Ellington was the most affected by the logjam. Last season he was one of Miami’s most important rotation players and most effective perimeter threat. This season through no fault of his own and due to the emergence of Jones, Ellington played only sparse minutes. The trade now frees him to become a factor for a team looking to challenge the Golden State Warriors. It also allows Miami to have a $6.3 million trade exception to use in the summer.

As for Johnson, he had played well throughout the season but the albatross around his neck was the contract he signed in 2016. At the time it was a necessary evil for the Heat to match the four-year $50 million restricted offer sheet the Brooklyn Nets gave to Johnson in the light of Wade’s bitter departure to the Chicago Bulls. That offer sheet had a poison pill written into it that nearly quadrupled his salary this season from $5 million to $19.3 million.

That jump in salary pushed Miami over the luxury tax line. While trading for Anderson at first glance looks like the Heat go further into the luxury tax with his salary this season being $20.4 million the money the team saves comes in other ways.

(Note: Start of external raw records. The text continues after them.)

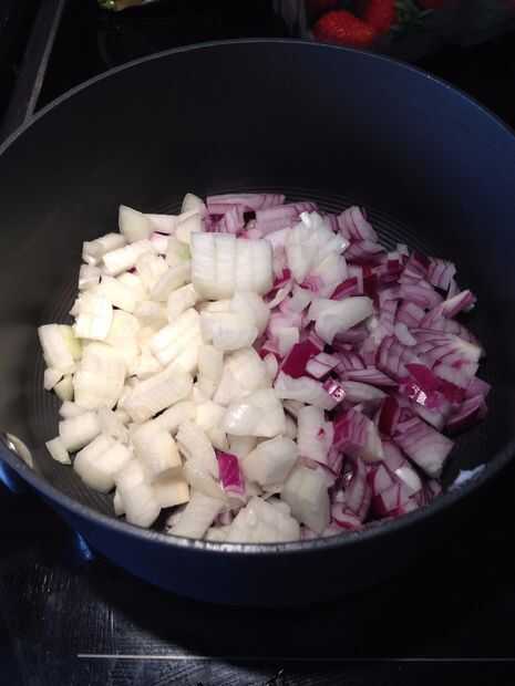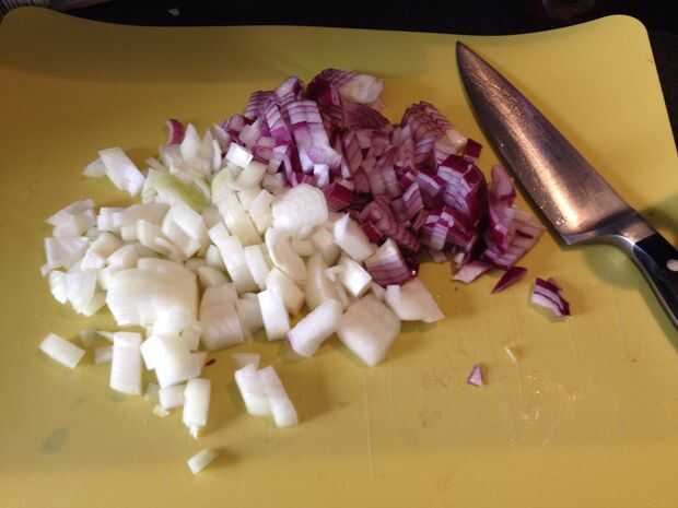 Picar las cebollas. Verás en la foto que usé cebolla marrón y rojo, no hay razón particular para esto, que es justo lo que estaba en el armario.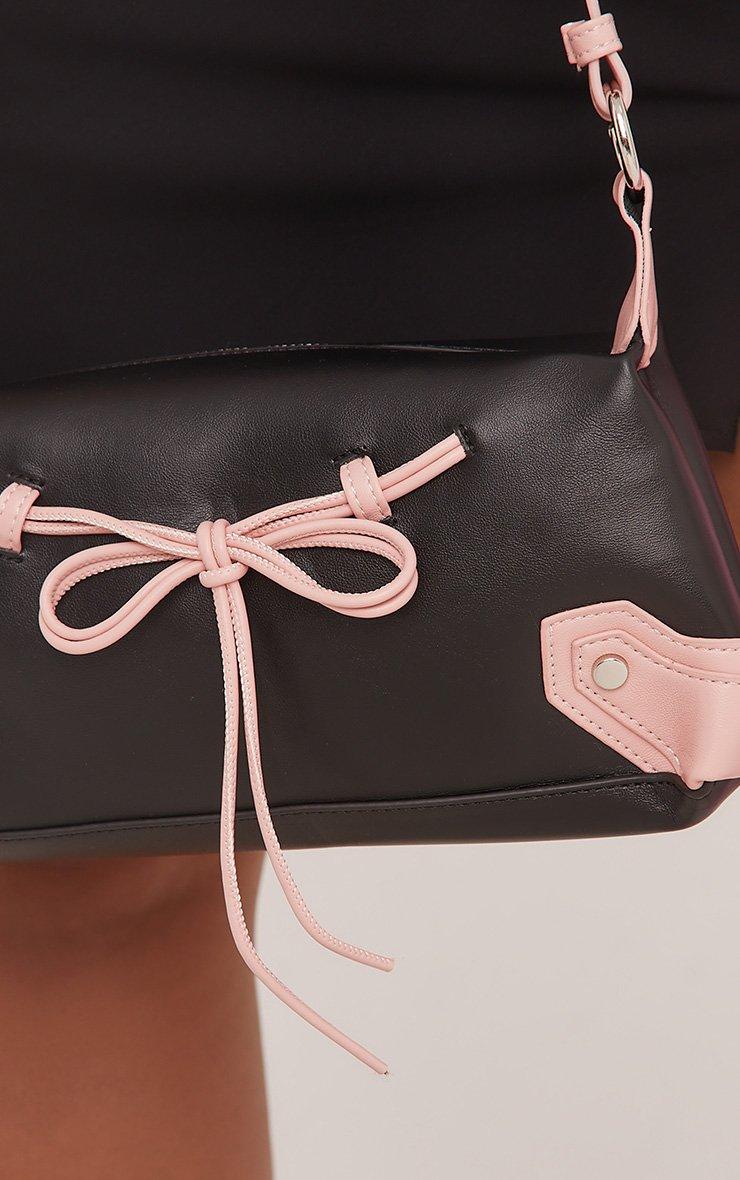 Pierre Contrast Bow Detail Shoulder Bag In Black Faux Leather
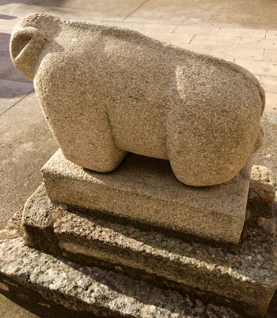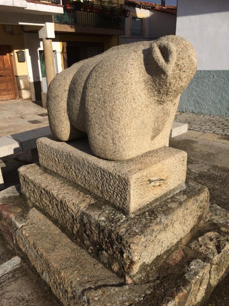 Este Verraco de menor tamaño, también de origen Vetón, se encuentra expuesto en la plaza, aunque se trata de una réplica , ya que el original encontrado en este pueblo, se encuentra expuesto en el Museo de las Veletas de Cáceres, al igual que la Estela del Guerrero del original.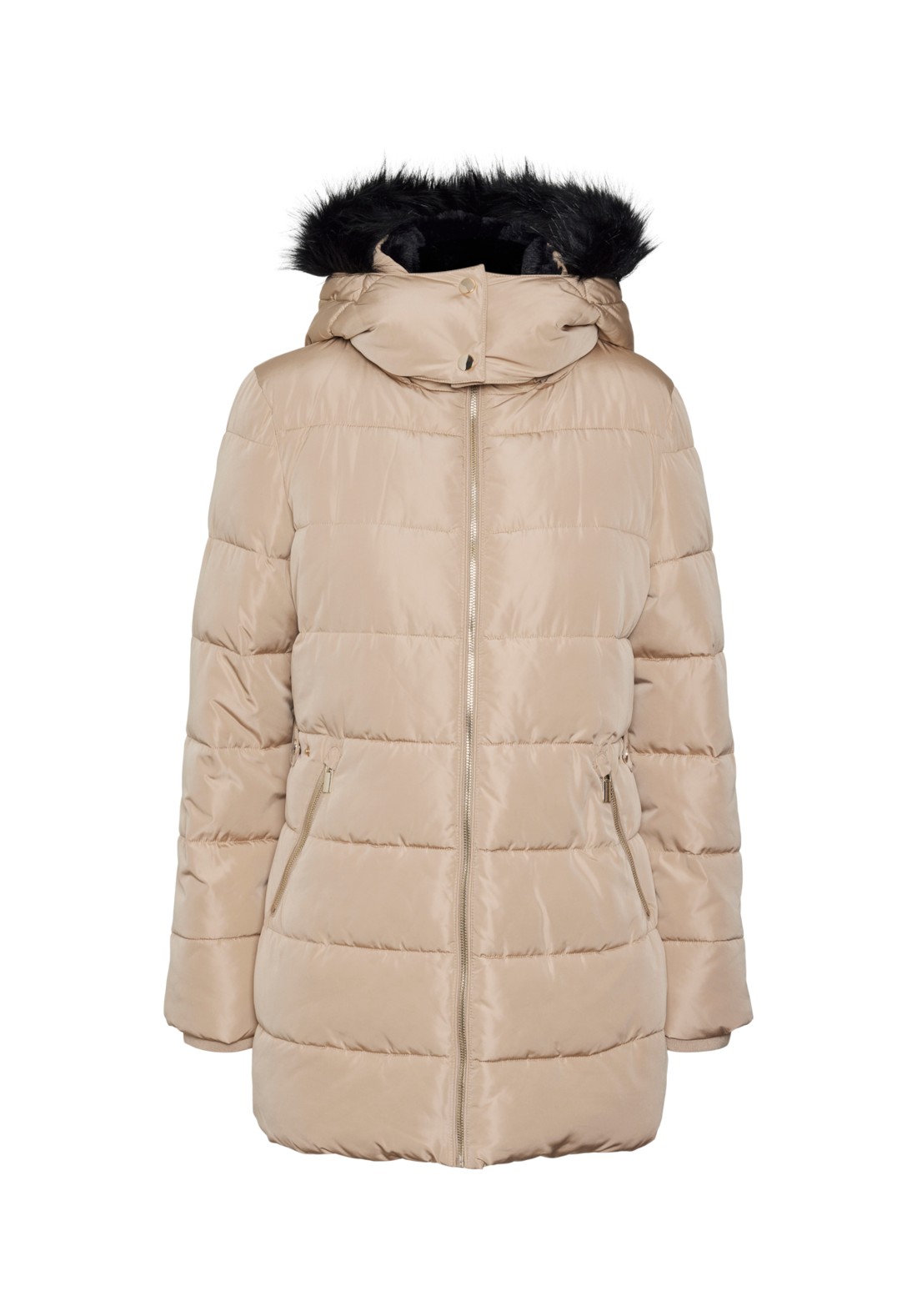 Abrigo largo 3/4 repelente al agua con gorro desmontable. El pelo del gorro también es desmontable y lle el interior del cuello forrado con pelo.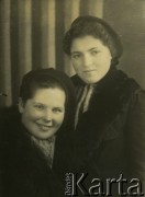 Druga połowa lat 30. do 1941, Kozienice, Polska. Portret dwóch dziewczyn w paltach i beretach. Zdjęcie wykonane w atelier fotograficznym żydowskiego fotografa Chaima Bernemana. Przed wojną zakład mieścił się w Kozienicach na rogu ulic Warszawskiej i Maciejowickiej, przed wybuchem wojny albo już w czasie niemieckiej okupacji został przeniesiony na ulicę Lubelską 13. Cała kolekcja jest datowana na okres od drugiej połowy lat 30-tych do roku 1941, kiedy Chaim Berneman wraz z rodziną został zesłany do obozu pracy w Wolanowie. Berneman zmarł po ucieczce z obozu. Fot. Chaim Berneman (Chaim Berman), zbiory Ośrodka KARTA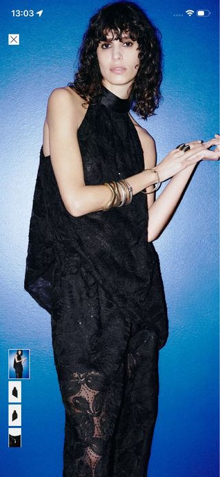 Este top de Zara es una pieza llamativa y elegante. - Diseño de red con lentejuelas plateadas. - Manga larga. - Cuello redondo.

Johnson’s contract had a player option this summer which he is likely to pick up. Anderson on the other hand negotiated to lower his guaranteed salary for the 2019-20 season to $15.6 million last September to help his team at the time, the Houston Rockets, facilitate him being traded to the Suns. That salary will go back up to its original amount of $21.3 million should he not be waived by Miami before July 10, a move the team will likely not do.

Ellington being part of the trade helps lower the Heat’s current luxury tax bill by $8 million.

In the post ‘Big 3’ era Miami has been very keen in trying to stay under the luxury tax line and this trade helps in achieving that. It will be tricky to get under with the need to fill roster spots, but Heat general manager Andy Elisburg is one of the best executives in the NBA when it  comes to understanding the salary cap. He also has time to work as the luxury tax applies to a team’s payroll at the end of the season.